Stored items
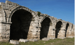 Bugün kapı ile beraber anılan at nalı şeklindeki avlu ise Roma döneminde Bithynia Valisinin kızı Plancia Magna tarafından oluşturulmuştur. (MS 120-1122)
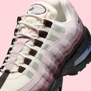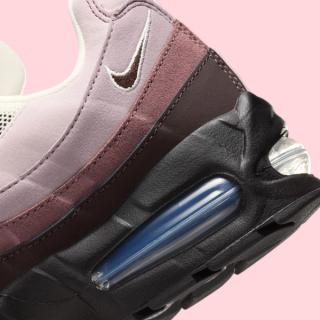 The “Velvet Brown” colorway builds on a familiar Air Max 95 formula, using layered gradients to add depth and contrast to the upper. Black anchors the base, while rich Velvet Brown tones wrap the lower panels and mudguard. Above that, softer hues of Light Violet Ore and Tattoo work through the signature ribbed side panels, giving the shoe its trademark muscle-inspired look without straying too far from neutral territory.
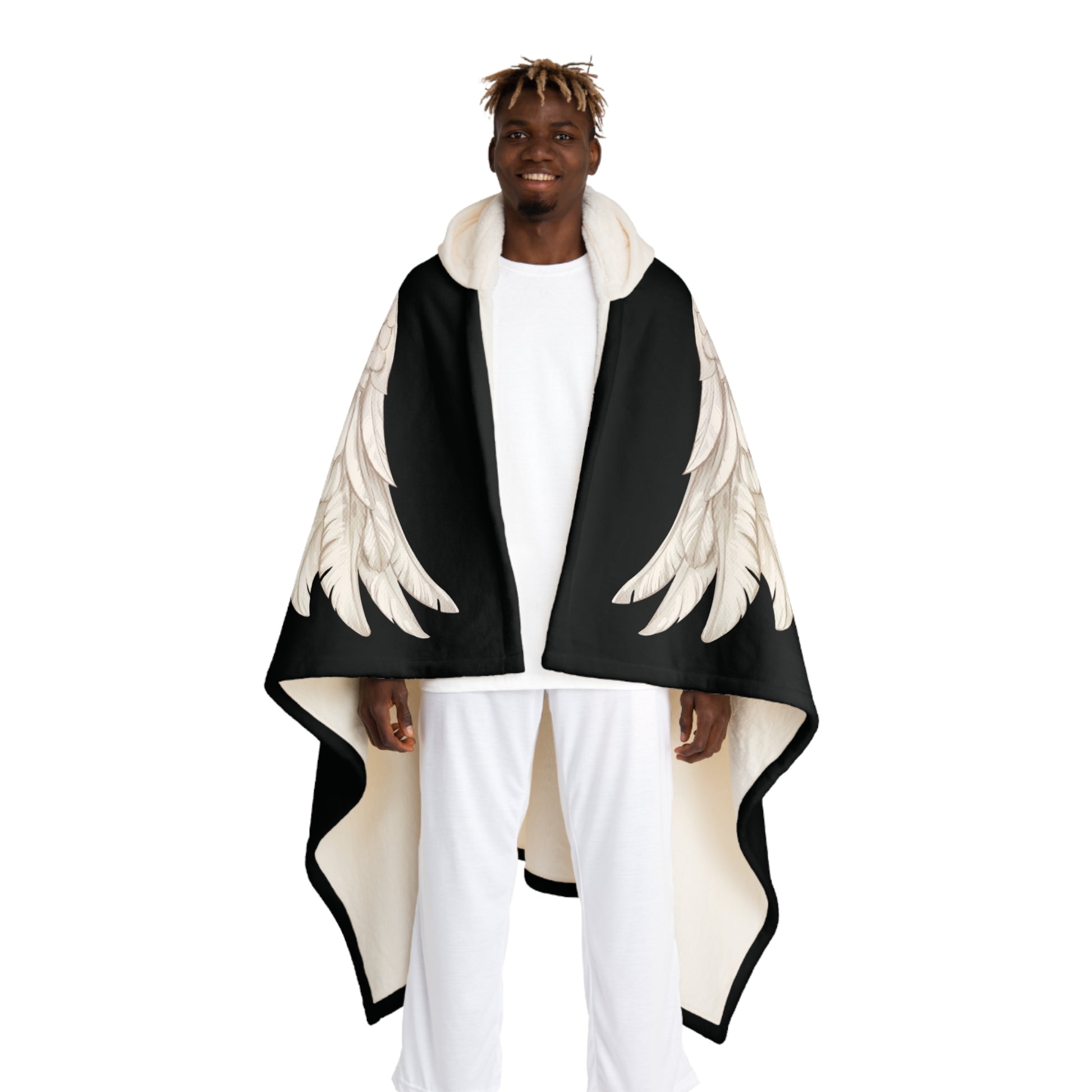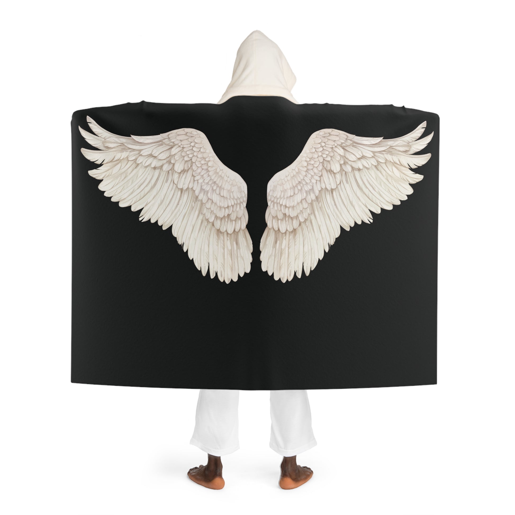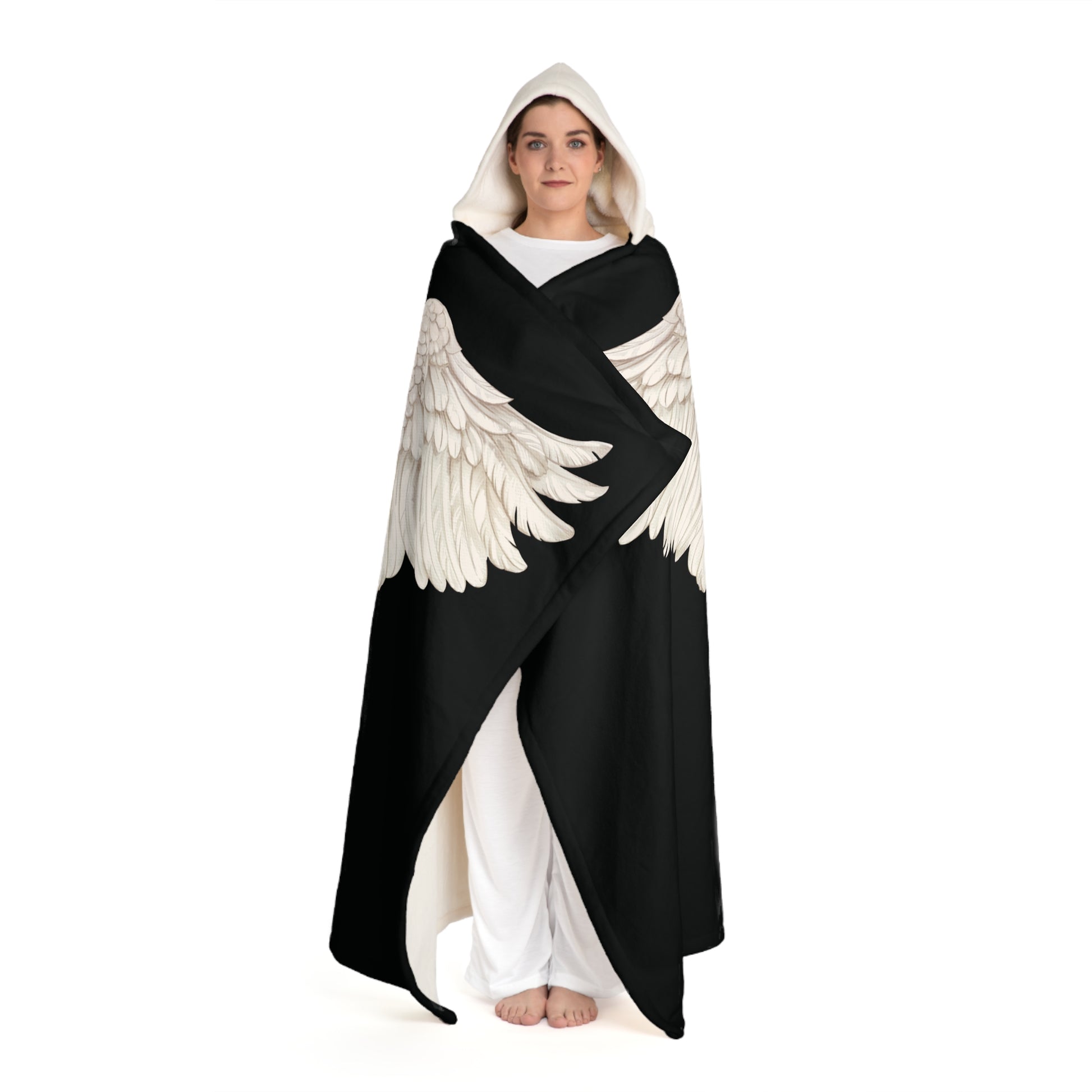 ENGELSFLÜGEL Federn • Kapuzen Kuscheldecke Schwarz • Wohndecke Sherpa 130cm x 180cm
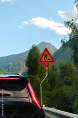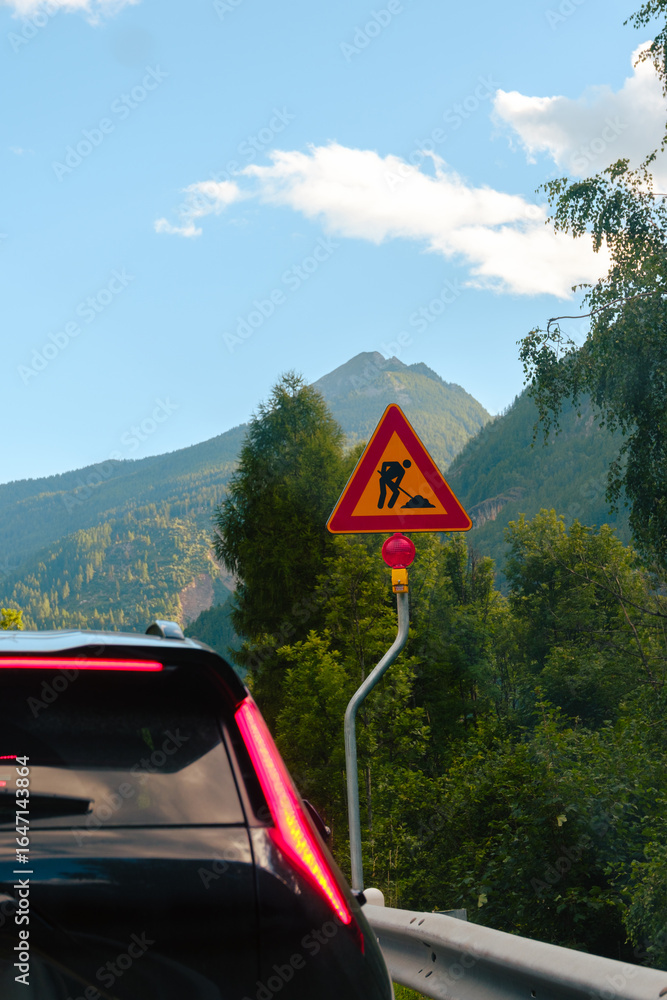 Close-up of road construction warning sign with red light beside car on mountain road surrounded by trees and hills
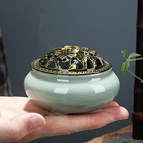 (pont du monde) 香炉 お香 線香 お香立て 陶器 アロマ 陶磁器 おしゃれ 蓋付き (薄緑)
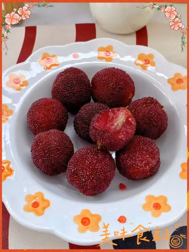 1. 楊梅放鹽水裡泡10分鐘,洗乾淨。
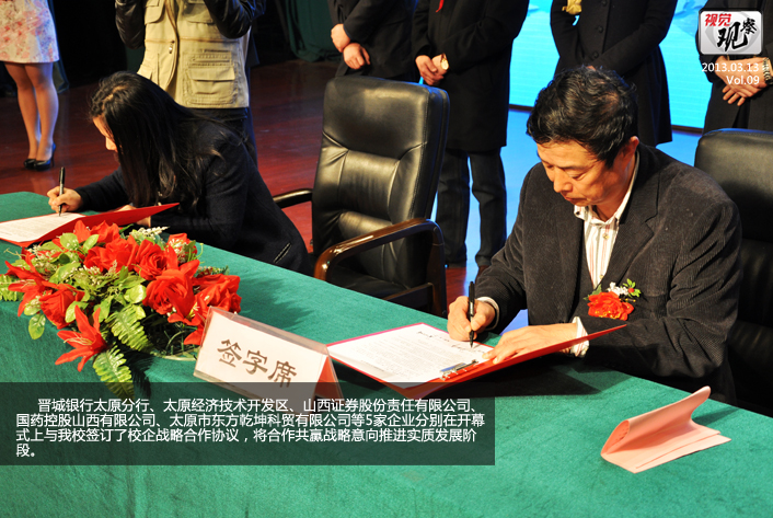 晋城银行太原分行、太原经济技术开发区、山西证券股份责任有限公司、国药控股山西有限公司、太原市东方乾坤科贸有限公司等5家企业分别在开幕式上与我校签订了校企战略合作协议,将合作共赢战略意向推进实质发展阶段。
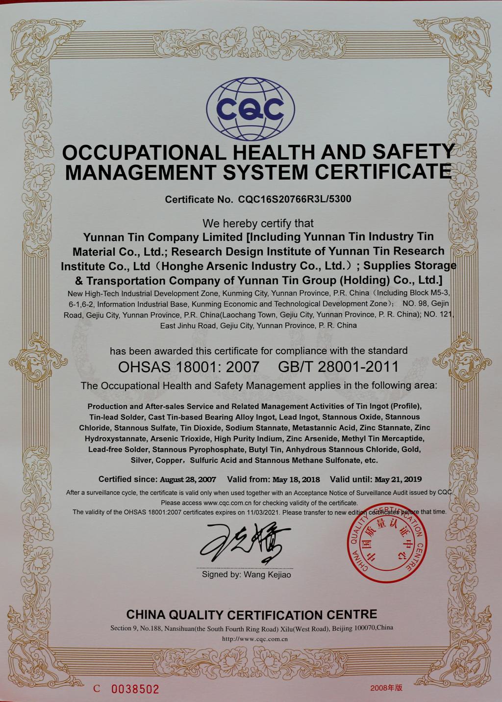 CQC職業(yè)健康安全管理體系認(rèn)證證書 (英文)
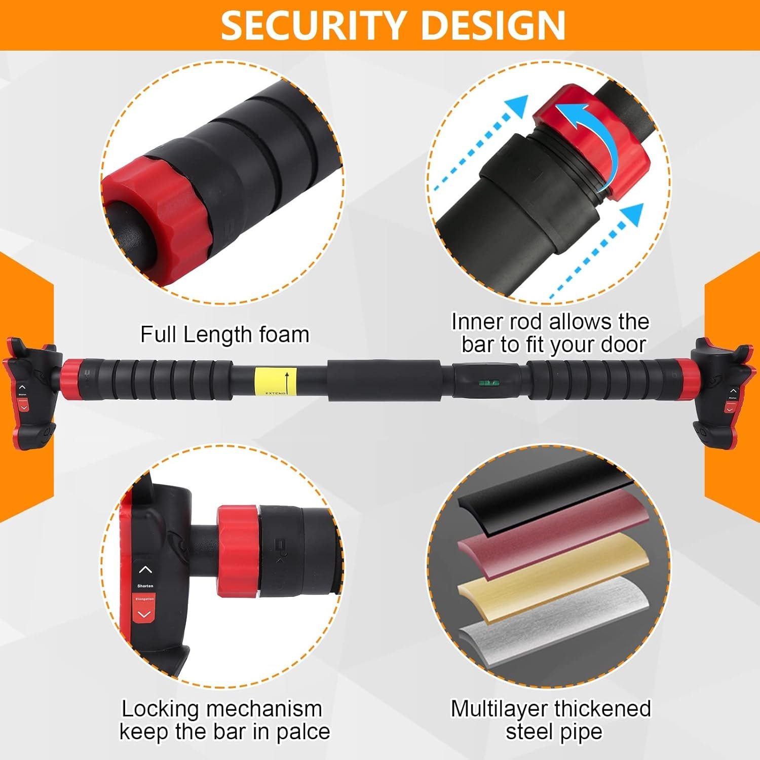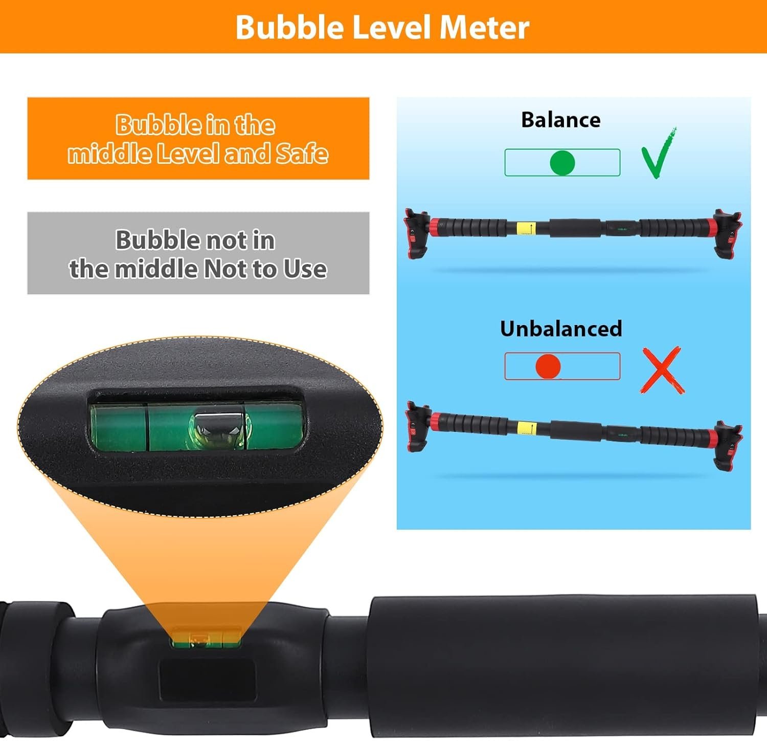 💪【NO SCREWS & NO DRILLING】No screw, no drilling, perfectly protect your door frame and wall. Upper body workout bar is equipped with level meter, through the middle position of the bubble to judge that the pull up bar is in a level state or not.
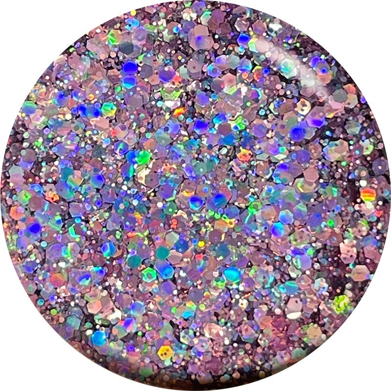 主役級のきらめきを放つグリッターシャワーシリーズ。ひときわ際立つ輝きが、日常の何気ないひとときを特別な瞬間に変えるカラーラインナップ。淡いパープルとブルーで構成されたラメが近未来のジュエリーを思わせるグリッタージェル。
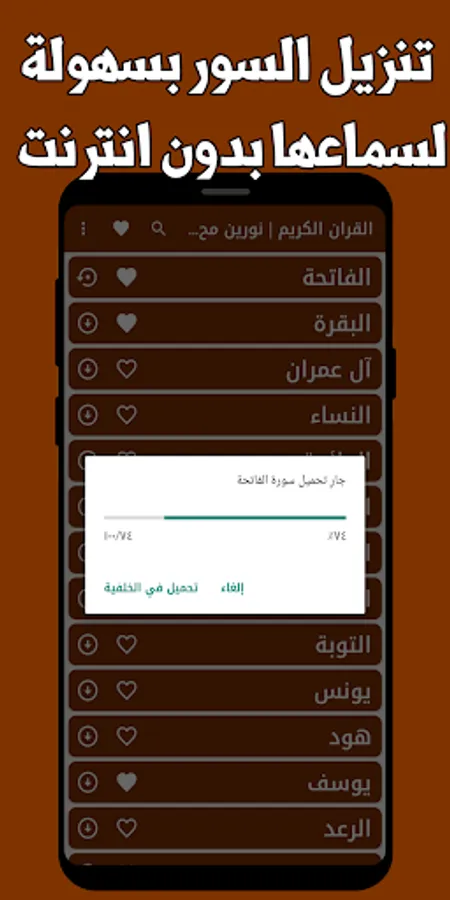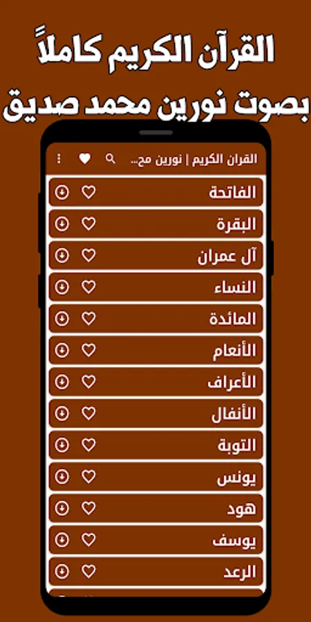 Simple and elegant interfaces, where you can choose the surahs that you like, add them to the favorites list, and listen to them without the Internet, with the voice of the reciter Sheikh Noreen Muhammad Siddiq, who has a wonderful voice that makes you humble to hear the verses of God.
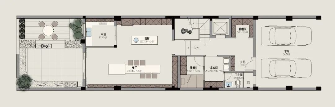 改造后 //负一层功能划分为车库、保姆间、家政间兼厨房餐厅,餐厅出去打造了私人花园。

■ **WHAT TO PRODUCE**:
Begin at the line in the entries above that has "(pont du monde)", stop after the line that has "CQC職業(yè)健康安全管理體系認(rèn)證證書 (英文)", and output exactly those lines without pictures.

■ **TASK ANSWER**:
 (pont du monde) 香炉 お香 線香 お香立て 陶器 アロマ 陶磁器 おしゃれ 蓋付き (薄緑)
 1. 楊梅放鹽水裡泡10分鐘,洗乾淨。
 晋城银行太原分行、太原经济技术开发区、山西证券股份责任有限公司、国药控股山西有限公司、太原市东方乾坤科贸有限公司等5家企业分别在开幕式上与我校签订了校企战略合作协议,将合作共赢战略意向推进实质发展阶段。
 CQC職業(yè)健康安全管理體系認(rèn)證證書 (英文)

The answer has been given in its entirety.